### Excerpted records

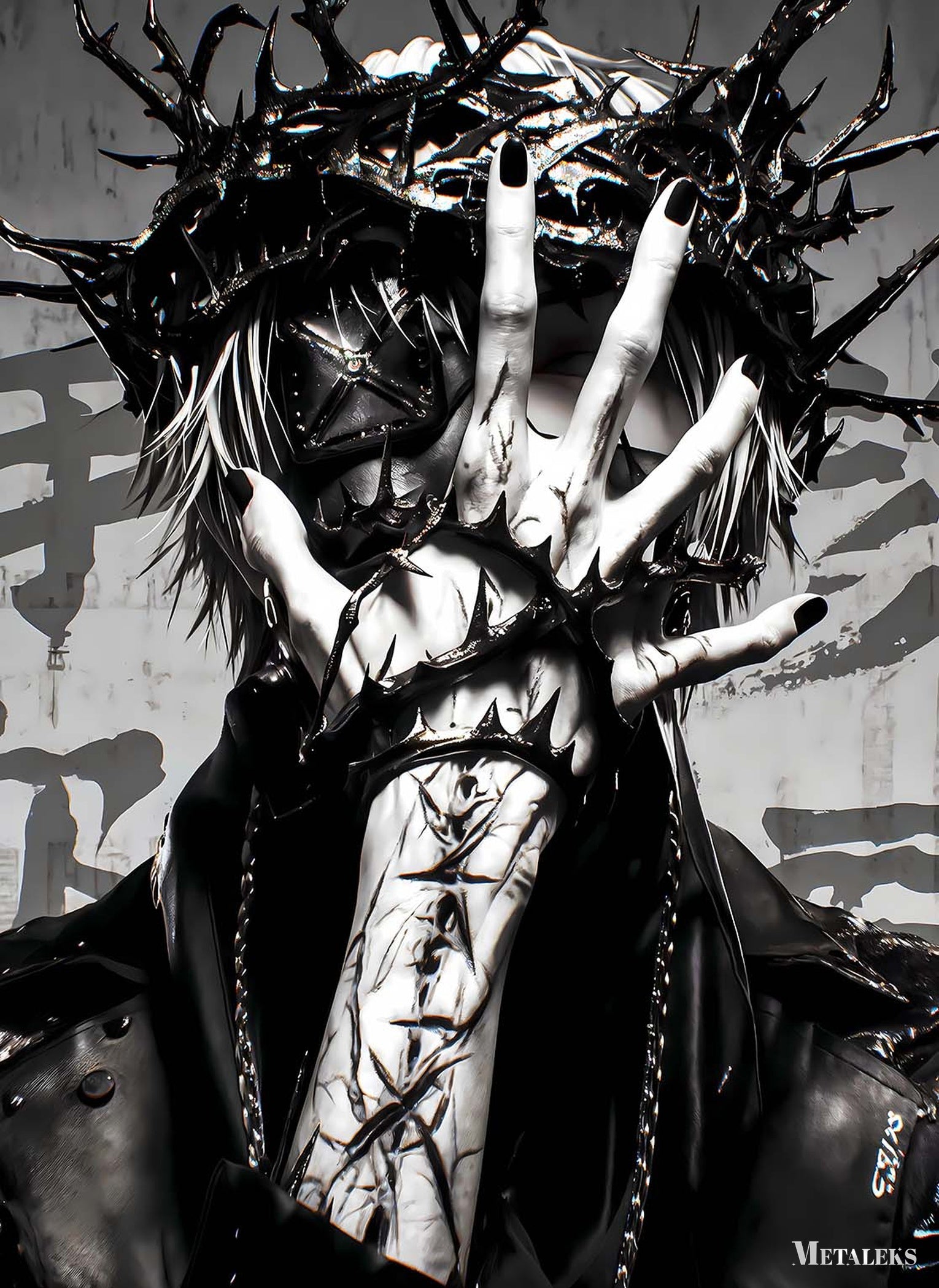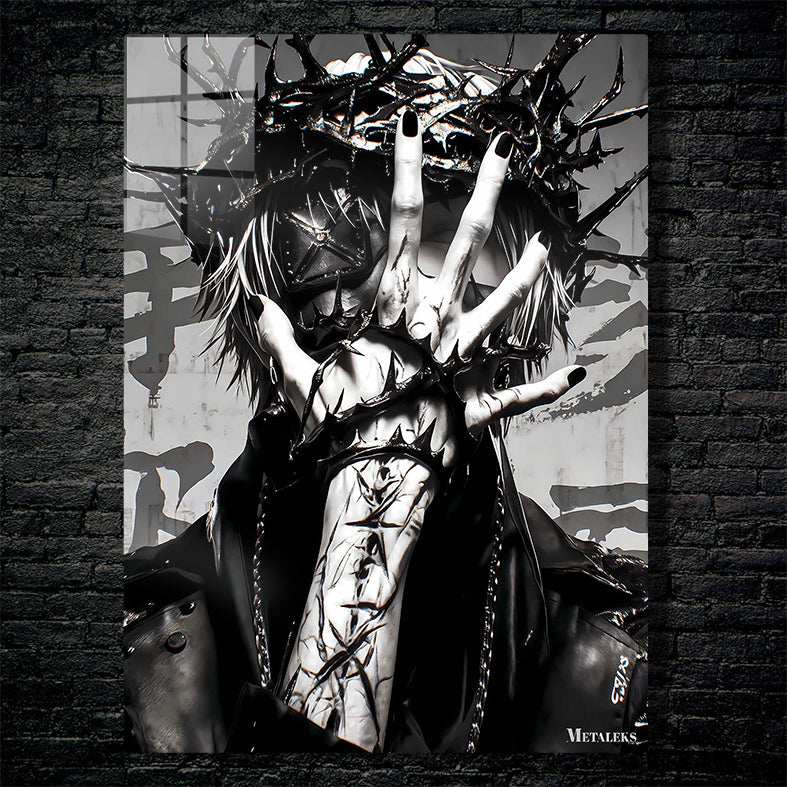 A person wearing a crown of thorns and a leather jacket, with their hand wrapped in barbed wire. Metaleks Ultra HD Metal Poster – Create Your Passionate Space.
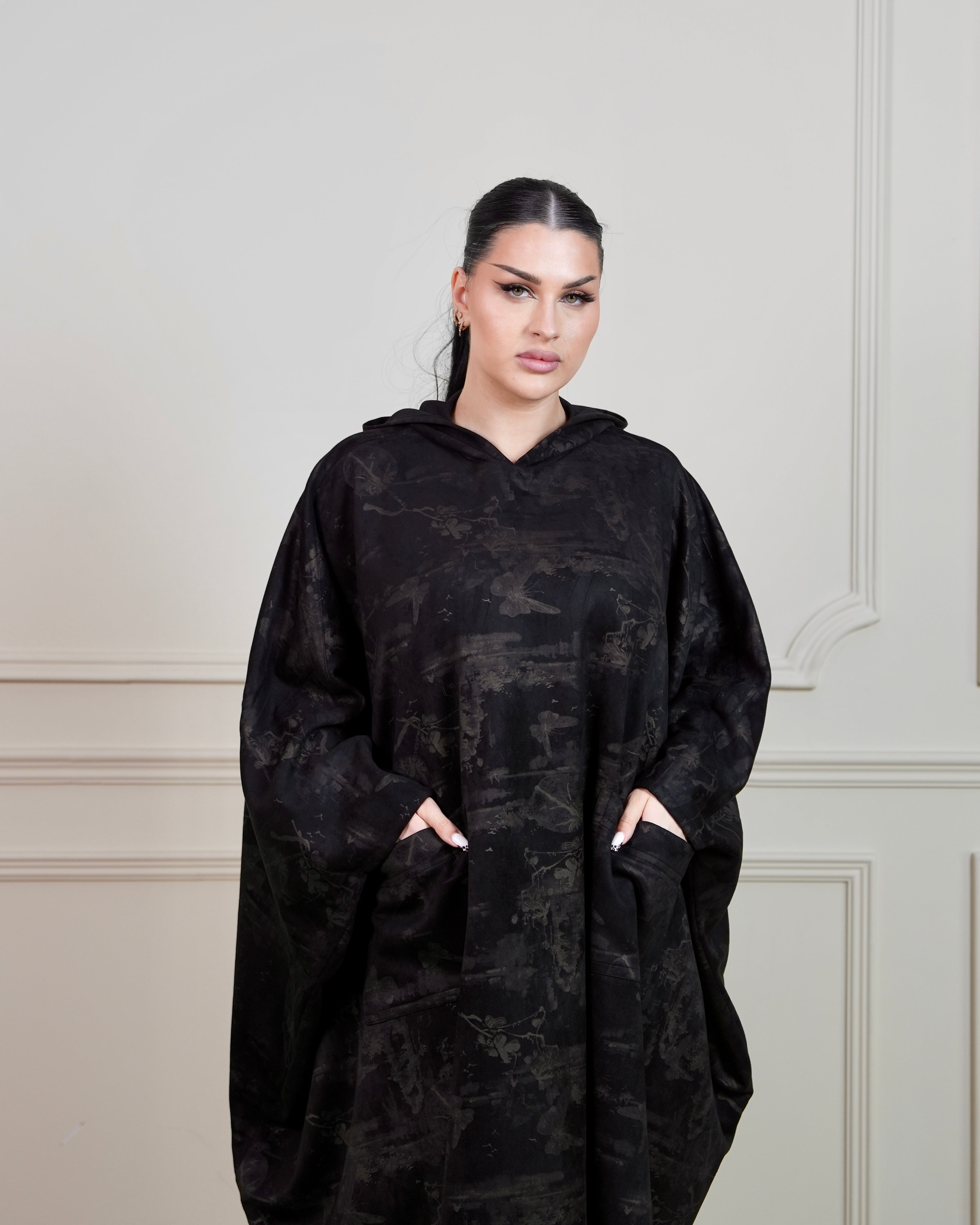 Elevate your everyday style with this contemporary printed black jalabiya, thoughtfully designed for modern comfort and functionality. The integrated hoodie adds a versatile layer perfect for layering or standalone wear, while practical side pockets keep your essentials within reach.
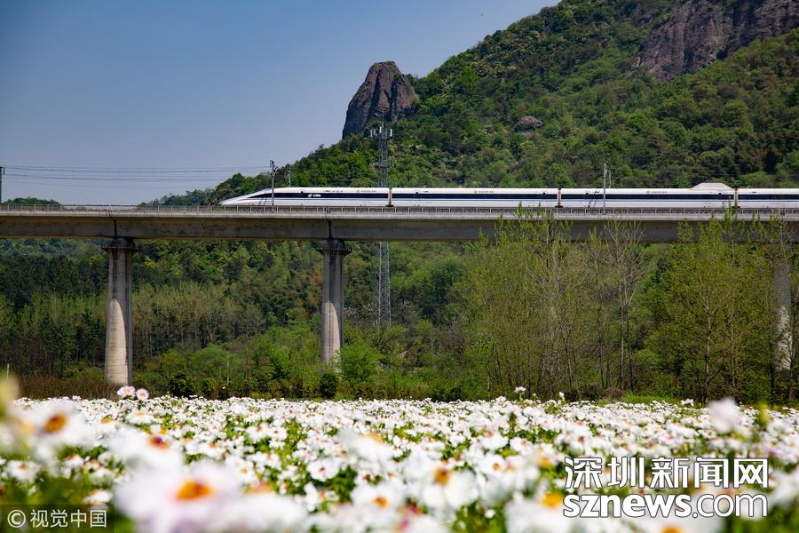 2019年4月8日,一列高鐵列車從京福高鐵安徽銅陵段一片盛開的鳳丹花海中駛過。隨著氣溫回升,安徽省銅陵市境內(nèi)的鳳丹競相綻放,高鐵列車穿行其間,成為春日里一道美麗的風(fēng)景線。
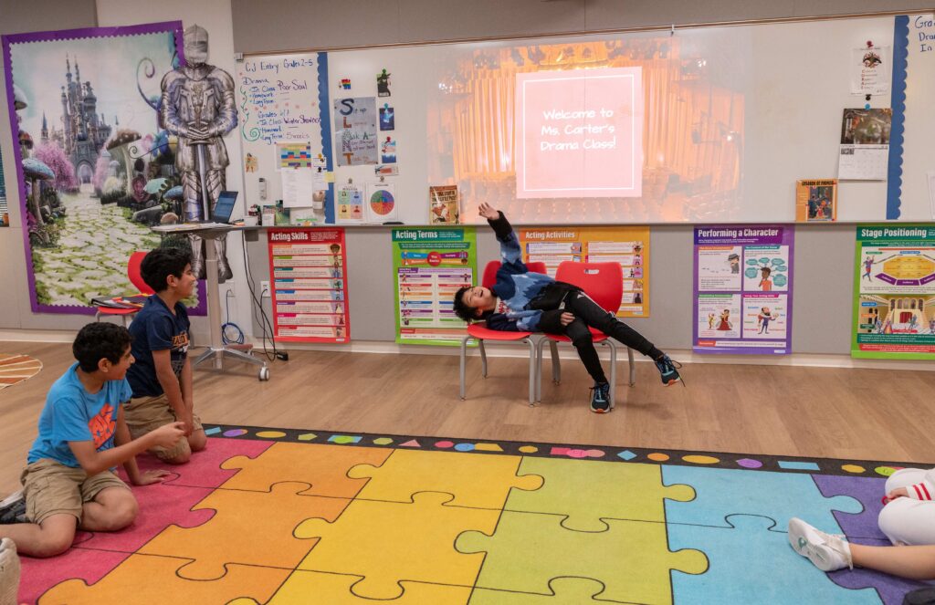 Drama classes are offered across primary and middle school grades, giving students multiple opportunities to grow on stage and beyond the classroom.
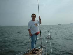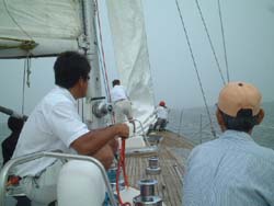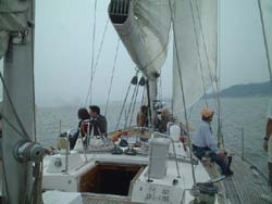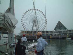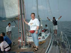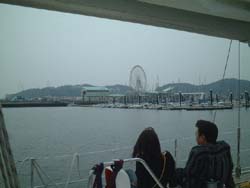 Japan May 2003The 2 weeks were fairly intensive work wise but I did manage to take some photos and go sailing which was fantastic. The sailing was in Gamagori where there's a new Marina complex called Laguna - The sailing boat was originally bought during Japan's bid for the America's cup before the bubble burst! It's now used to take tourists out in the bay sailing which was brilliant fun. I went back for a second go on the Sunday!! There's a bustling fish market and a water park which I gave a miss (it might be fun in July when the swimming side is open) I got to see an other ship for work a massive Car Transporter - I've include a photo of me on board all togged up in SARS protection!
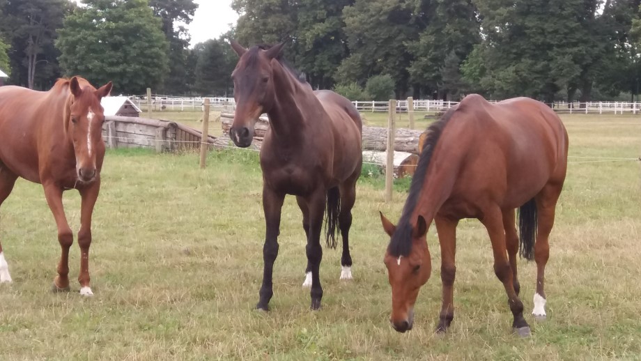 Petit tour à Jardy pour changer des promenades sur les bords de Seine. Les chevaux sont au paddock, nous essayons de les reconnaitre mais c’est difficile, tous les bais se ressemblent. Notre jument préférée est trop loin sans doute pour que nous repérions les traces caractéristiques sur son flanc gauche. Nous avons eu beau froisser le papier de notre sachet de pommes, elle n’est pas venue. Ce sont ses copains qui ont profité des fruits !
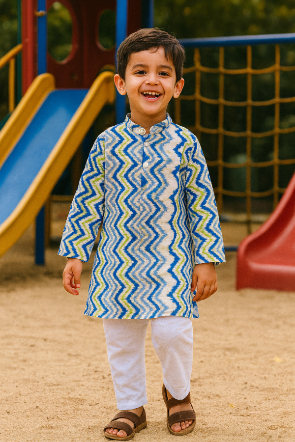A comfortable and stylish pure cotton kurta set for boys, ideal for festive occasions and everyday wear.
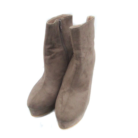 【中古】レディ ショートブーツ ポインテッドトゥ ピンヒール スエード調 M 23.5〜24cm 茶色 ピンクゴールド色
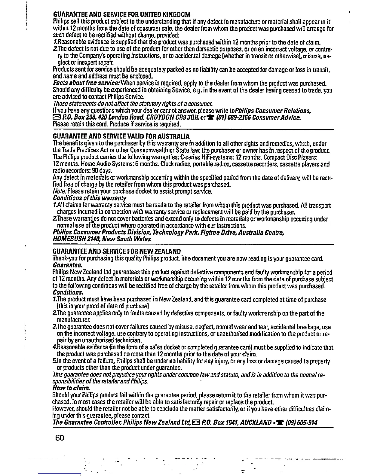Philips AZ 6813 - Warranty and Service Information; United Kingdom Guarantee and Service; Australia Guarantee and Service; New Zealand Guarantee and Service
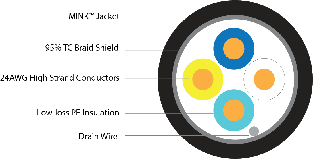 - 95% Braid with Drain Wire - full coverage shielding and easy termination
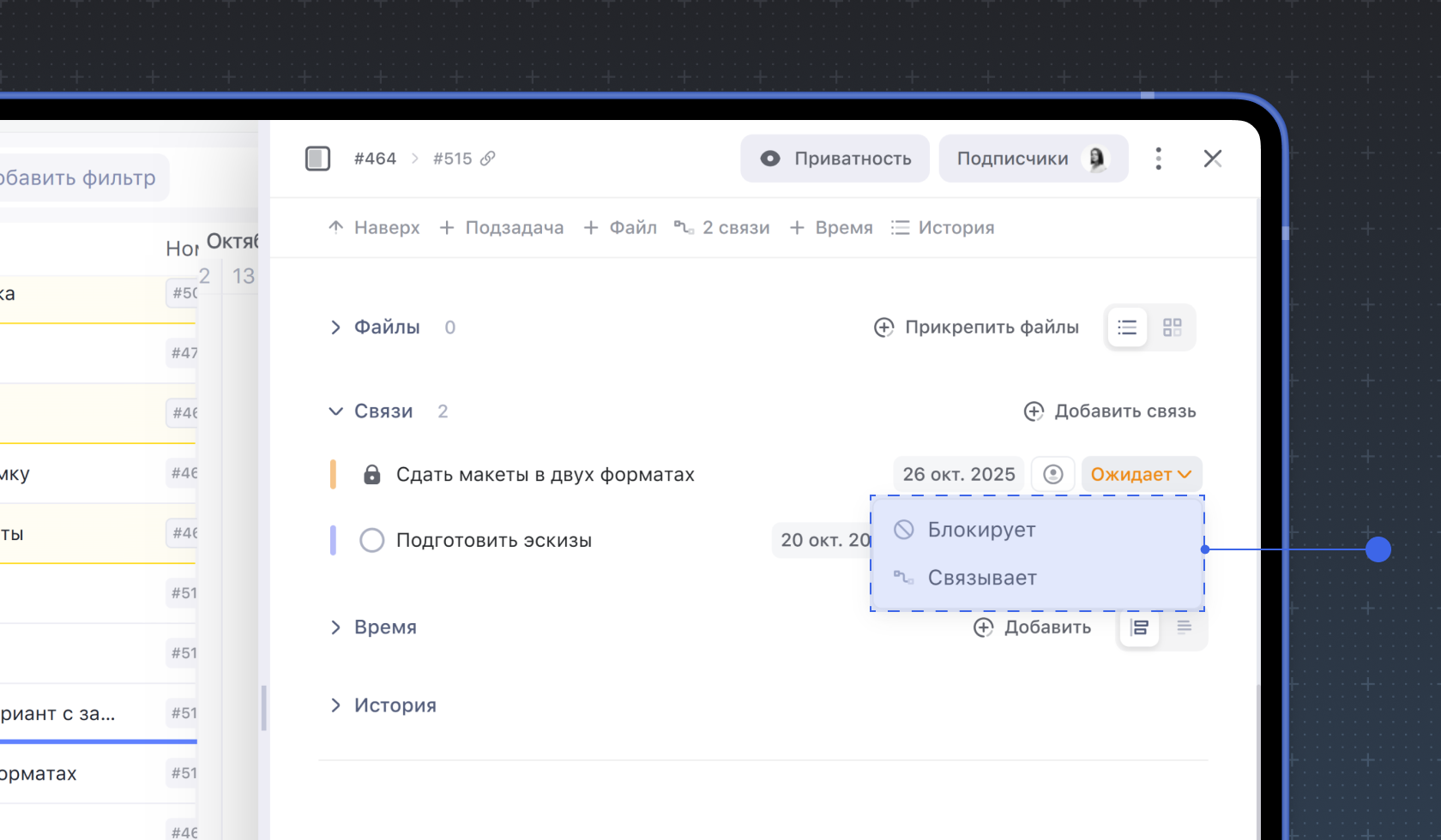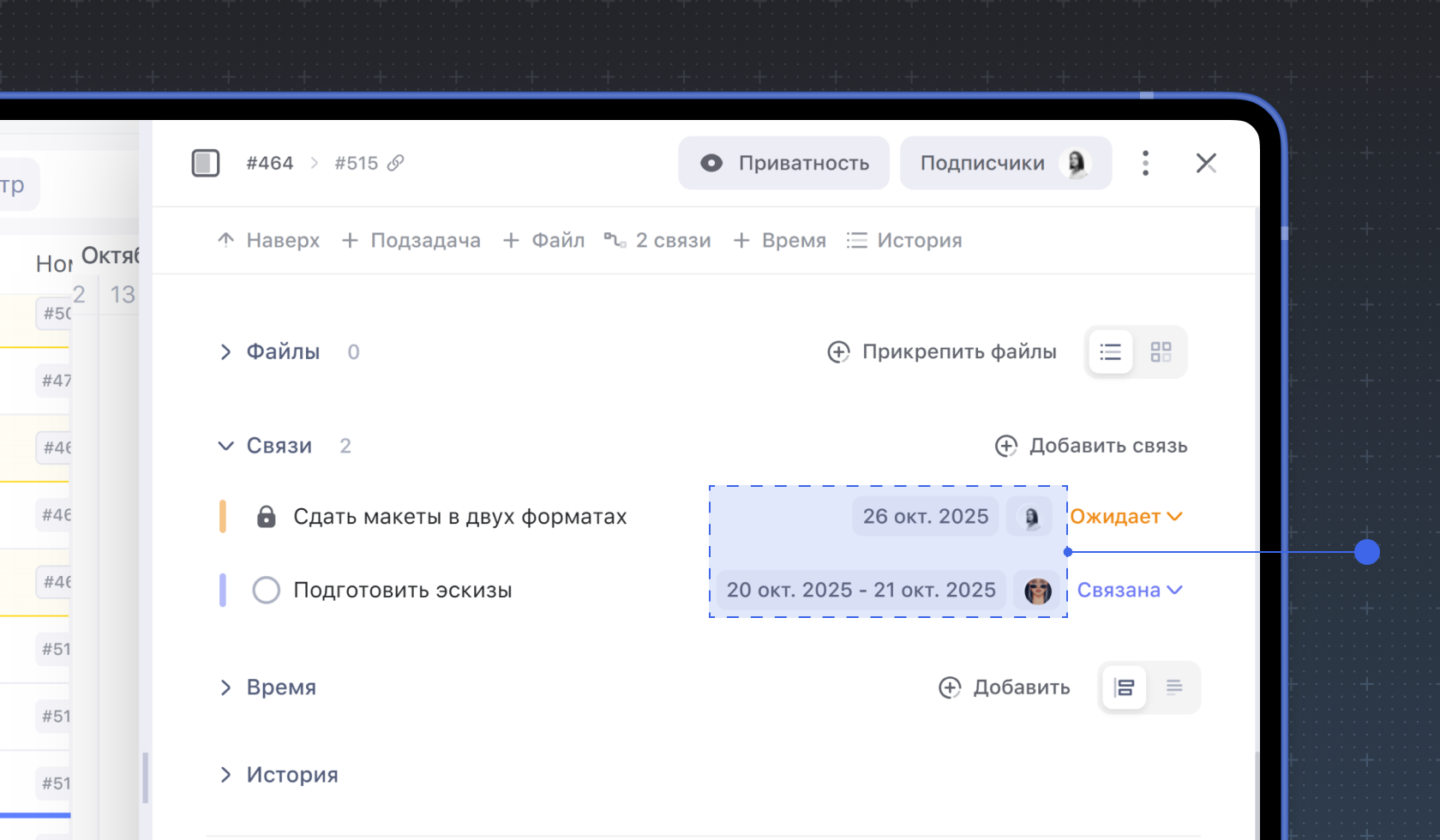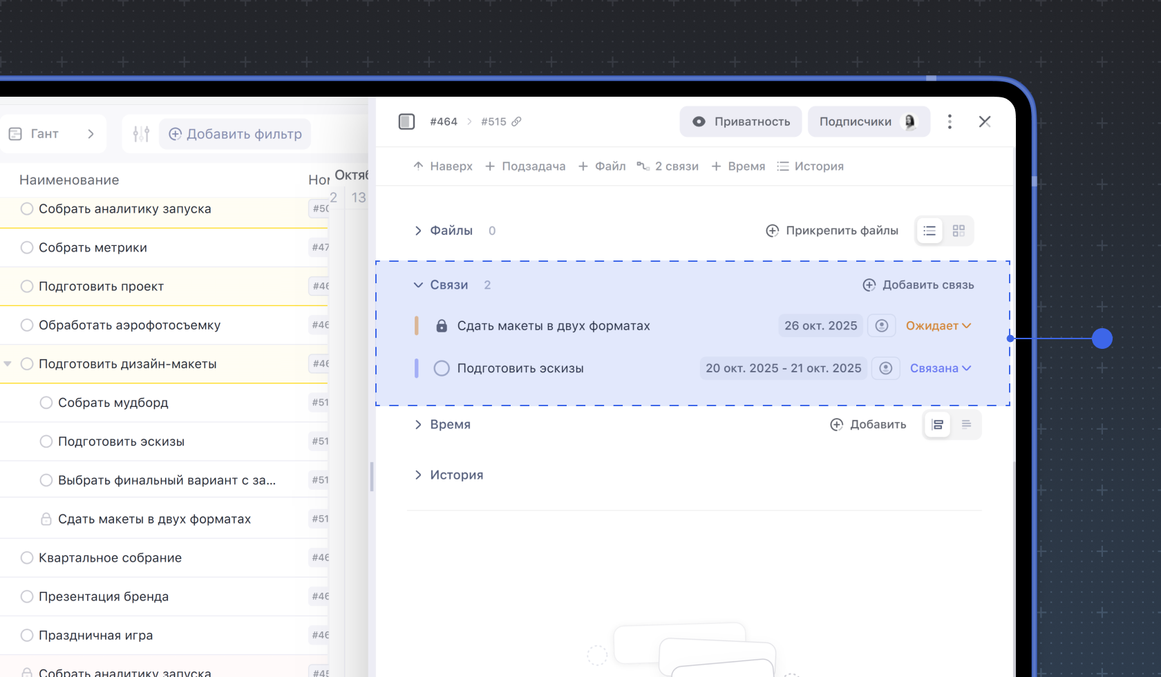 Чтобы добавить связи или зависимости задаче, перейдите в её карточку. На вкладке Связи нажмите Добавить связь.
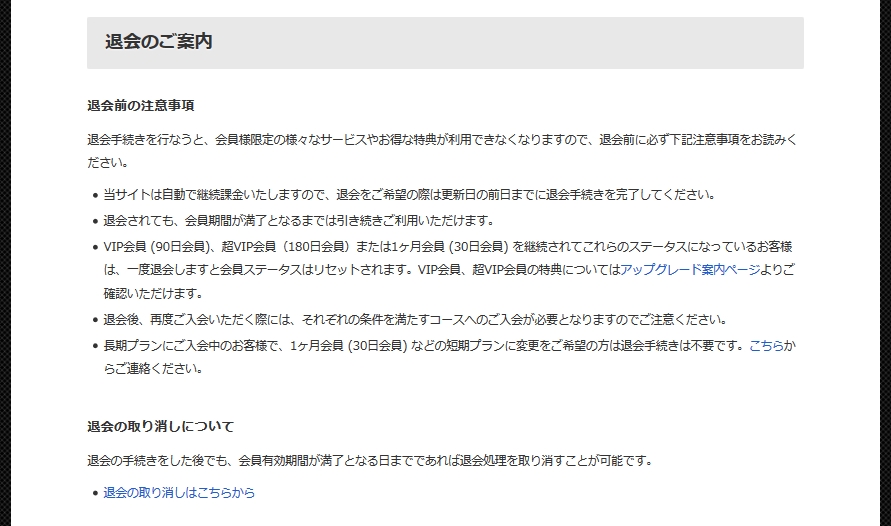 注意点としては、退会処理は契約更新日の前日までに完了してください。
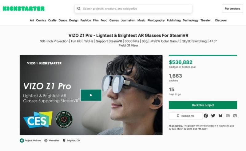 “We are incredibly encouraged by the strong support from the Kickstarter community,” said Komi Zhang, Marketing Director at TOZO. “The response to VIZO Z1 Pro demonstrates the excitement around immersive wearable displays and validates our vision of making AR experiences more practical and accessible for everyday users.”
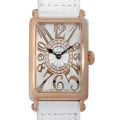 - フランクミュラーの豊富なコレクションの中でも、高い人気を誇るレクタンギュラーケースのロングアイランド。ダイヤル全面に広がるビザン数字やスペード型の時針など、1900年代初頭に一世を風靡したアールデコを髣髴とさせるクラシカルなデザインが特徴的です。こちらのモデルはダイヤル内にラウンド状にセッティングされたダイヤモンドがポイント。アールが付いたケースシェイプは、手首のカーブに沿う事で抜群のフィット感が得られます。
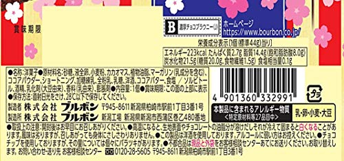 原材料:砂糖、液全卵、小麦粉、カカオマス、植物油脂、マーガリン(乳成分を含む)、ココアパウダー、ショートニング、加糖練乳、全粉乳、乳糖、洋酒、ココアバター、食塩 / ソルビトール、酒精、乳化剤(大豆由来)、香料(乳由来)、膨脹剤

######

Repeat word for word the lines above, from the first entry through the line containing "Drama classes are", with both ends kept and the pictures dropped.

 A person wearing a crown of thorns and a leather jacket, with their hand wrapped in barbed wire. Metaleks Ultra HD Metal Poster – Create Your Passionate Space.
 Elevate your everyday style with this contemporary printed black jalabiya, thoughtfully designed for modern comfort and functionality. The integrated hoodie adds a versatile layer perfect for layering or standalone wear, while practical side pockets keep your essentials within reach.
 2019年4月8日,一列高鐵列車從京福高鐵安徽銅陵段一片盛開的鳳丹花海中駛過。隨著氣溫回升,安徽省銅陵市境內(nèi)的鳳丹競相綻放,高鐵列車穿行其間,成為春日里一道美麗的風(fēng)景線。
 Drama classes are offered across primary and middle school grades, giving students multiple opportunities to grow on stage and beyond the classroom.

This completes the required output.